Activity - Output must consist only of the lines of the material below from the one with "WAMPAT TV Stand" through the one with "Sterling Silver Stackable", each reproduced exactly; no pictures belong in it.

Record set -
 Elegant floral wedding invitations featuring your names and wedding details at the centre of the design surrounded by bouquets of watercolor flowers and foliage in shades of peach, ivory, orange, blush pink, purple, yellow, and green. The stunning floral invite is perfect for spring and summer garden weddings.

---

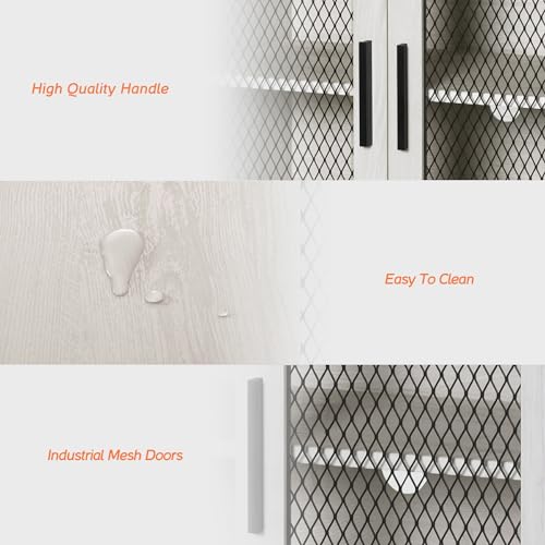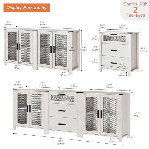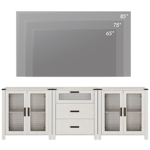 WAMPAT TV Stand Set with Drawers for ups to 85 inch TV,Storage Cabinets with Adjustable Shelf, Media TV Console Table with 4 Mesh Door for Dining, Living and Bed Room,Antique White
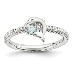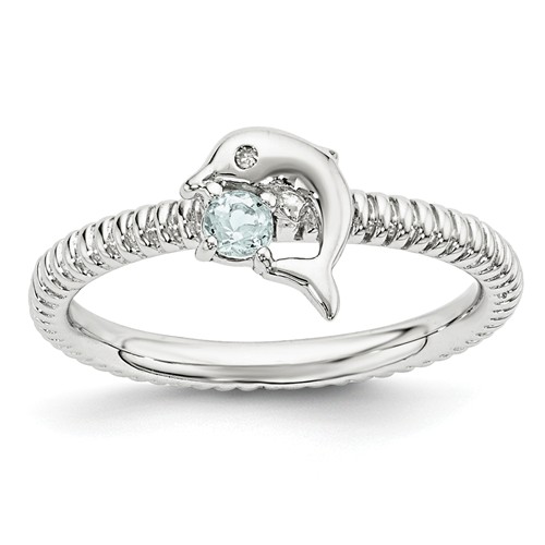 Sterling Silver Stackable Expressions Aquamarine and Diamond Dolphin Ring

Written reply -
 WAMPAT TV Stand Set with Drawers for ups to 85 inch TV,Storage Cabinets with Adjustable Shelf, Media TV Console Table with 4 Mesh Door for Dining, Living and Bed Room,Antique White
 Sterling Silver Stackable Expressions Aquamarine and Diamond Dolphin Ring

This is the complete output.